AWN: Going through this year’s selections, there are a lot of superstars. Can you name some of the other, perhaps less well-known filmmakers that attendees should also be paying attention to?
CR: If I go through the list of films in the short competition, there are a lot of familiar names. Xi Chen, from China, who did Fly in a Restaurant, he’s made a number of interesting films that I think merit a little more applause. Elizabeth Hobbs from the U.K. I think is a fantastic animator. They’re both known a little bit more within the community, but still not quite on that upper echelon.

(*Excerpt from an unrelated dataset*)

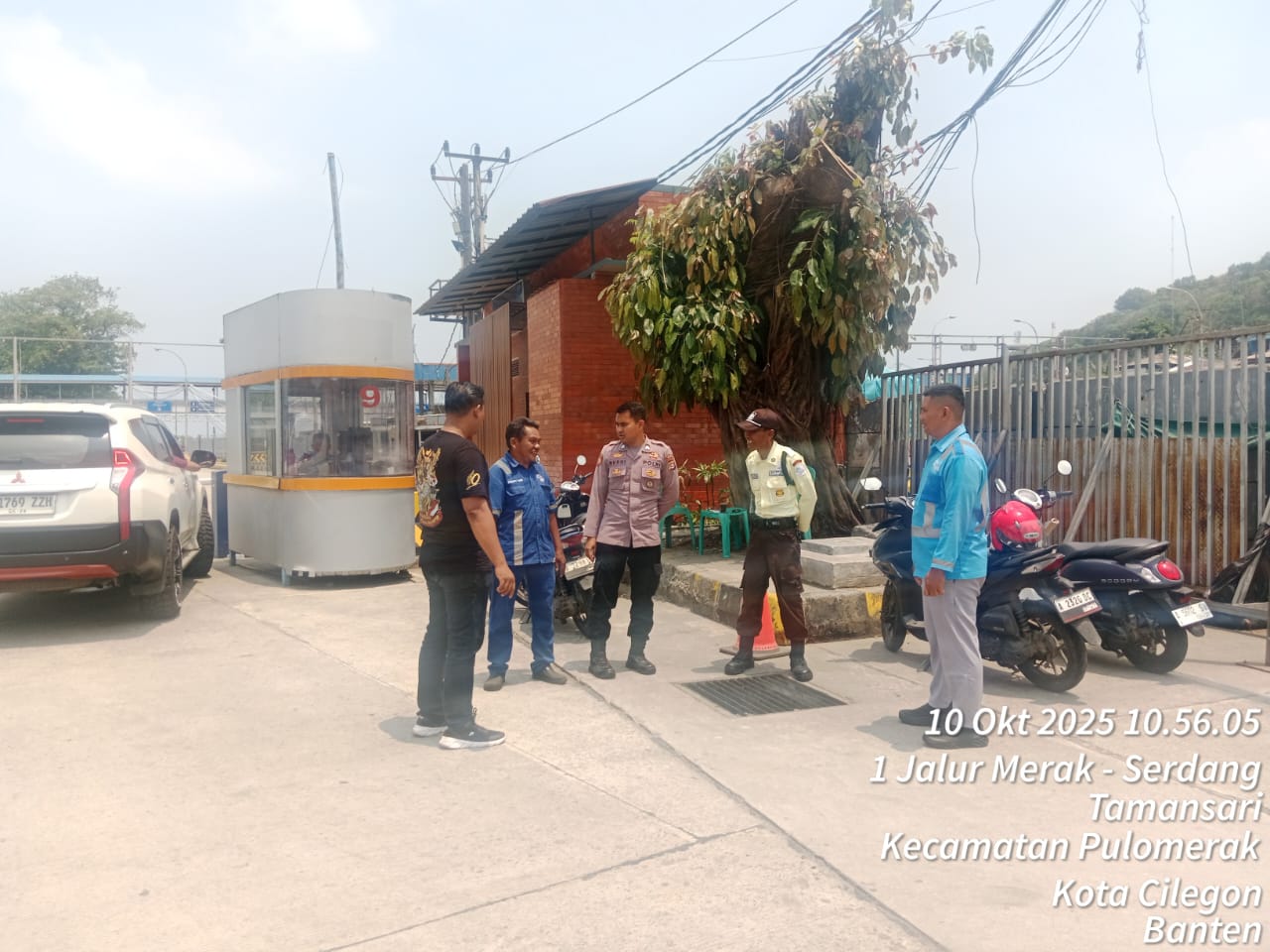Cilegon - Personel Polsek Kskp Merak Polres Cilegon Polda Banten melaksanakan sambang dan patroli kawasan pelabuhan merak dalam rangka menjaga Harkamtibmas di Kawasan Pelabuhan Merak, Jumat (10/10/2025).

This year we have Riho Unt, from Estonia, who did Mary and the 7 Dwarfs — he did Master a few years ago and he’s a veteran of animation but like many Estonian animators he’s been kind of lost in the shadows of Priit Pärn. He’s finally starting to get a little bit noticed as well.
Amanda Strong is someone who I think has been fallen under the radar. She’s a Canadian indigenous animator, and has a film, Biidaaban, in competition this year. Last year she had a film, Four Faces of the Moon, that won best Canadian film. She’s kind of up and coming but I think she’s making her mark pretty fast. Boris Labbé is another filmmaker who should get more notice. There’s a whole lot of people.

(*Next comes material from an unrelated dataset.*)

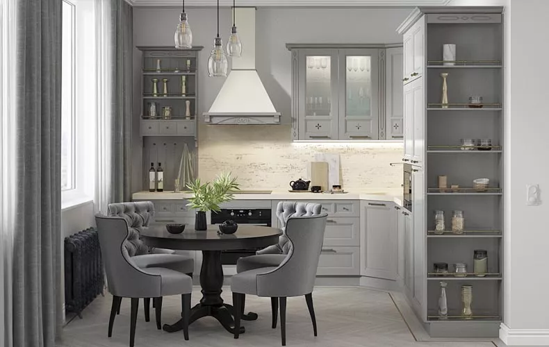 Кухонный гарнитур Оливия 2 выполнен в синих тонах и идеально подходит для интерьеров в классическом стиле. В отделке доминируют рамочные фасады из массива и шпона дуба. Декоративные вставки с фрезеровкой и фурнитура в ретро-стилистике подчёркивают принадлежность к классике. В качестве изящного акцента – патина на фасадах в коричневых тонах. Угловая конструкция кухни позволяет рационально использовать свободное пространство. Гарнитур оснащён встроенной техникой, различными шкафами и системами хранения. Для создания уютной атмосферы предусмотрена подсветка рабочих зон.

AWN: Talk about the feature selections a little bit. One of the things I love about Ottawa is you don’t necessarily rely on commercial success as a standard when choosing your films.

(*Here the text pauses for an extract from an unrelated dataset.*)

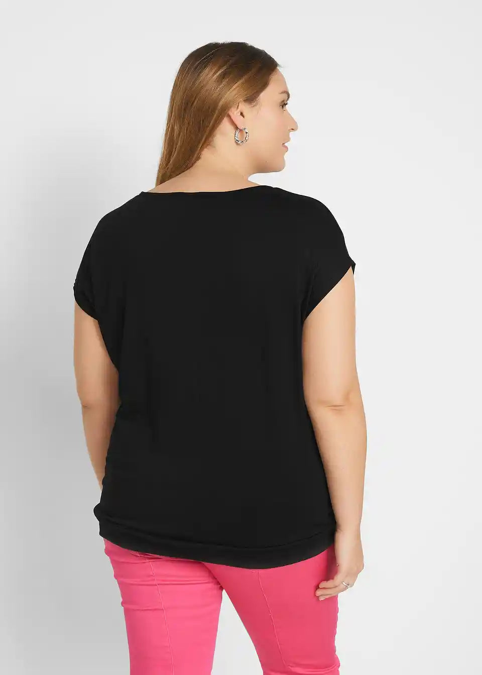 Ta majica blagovne znamke bpc je lep dodatek za vsakodnevne kombinacije. Majica s spuščeniimi rokavi zahvaljujoč ohlapnemu kroju lepo ovije postavo. Ima širok V-izrez z zadrgo. Prišit rob zaokroži dizajn majice. V kombinaciji z oprijetimi kavbojkami in supergami izgleda ta majica odlično.

CR: Well, first of all — in North America in particular — there’s a big battle over theatrical rights, over getting things to the cinema, that it’s become such a hassle sometimes to even get stuff that’s not going to be that commercially successful. It’s a challenge dealing with feature distributors. It’s a pain in the ass, to be frank, sometimes. Over the years we used to chase after some stuff that might be more high-profile, but I finally said enough of this. First of all, they’re going to get distribution, so what’s the point? We’re about showcasing new stuff, helping new stuff find an audience and I think that’s especially important with features now. So there is an emphasis on work that maybe’s not going to find a major audience, that has kind of an independent bent to it as well. I think the six or seven films that we have this year all kind of fall into that.
AWN: Absolutely, and I’m especially thinking of This Magnificent Cake, which is just an amazing film to watch but might struggle to find a wider audience.
CR: It’s a very accessible film I think for the most part. Very engaging and an audience would really relate to that film or easily get engaged to that. Another one is that should find a big family audience is Captain Morten and the Spider Queen. It’s an innovative stop-motion kids movie from Estonia and Ireland that should get distribution, but will it? I don’t know. Stuff like that. And, you know, more hardcore stuff like Joanna Priestley’s North of Blue, which is, like, an hour of abstract animation. It isn’t going to be a major release but it should be seen.
We have one feature, Ville Neuve, that will be making its world premiere. it’s from the co-producers of Louise en hiver, which won the grand prize in Ottawa in 2016. It’s a film made in Canada, in Quebec, a really beautiful, poetic film. So I think that’s going to be a surprise for many people. Again, I don’t see any reason why you couldn’t show it in mainstream cinemas or art house cinemas. I don’t know if you’ll see a lot of these outside the festival.
AWN: Last question. If bitterness had a flavor, what flavor would that be?
CR: Asparagus. I know it’s not a flavor. It’s just that I just hate asparagus.
Jennifer Wolfe is Editor-in-Chief of Animation World Network.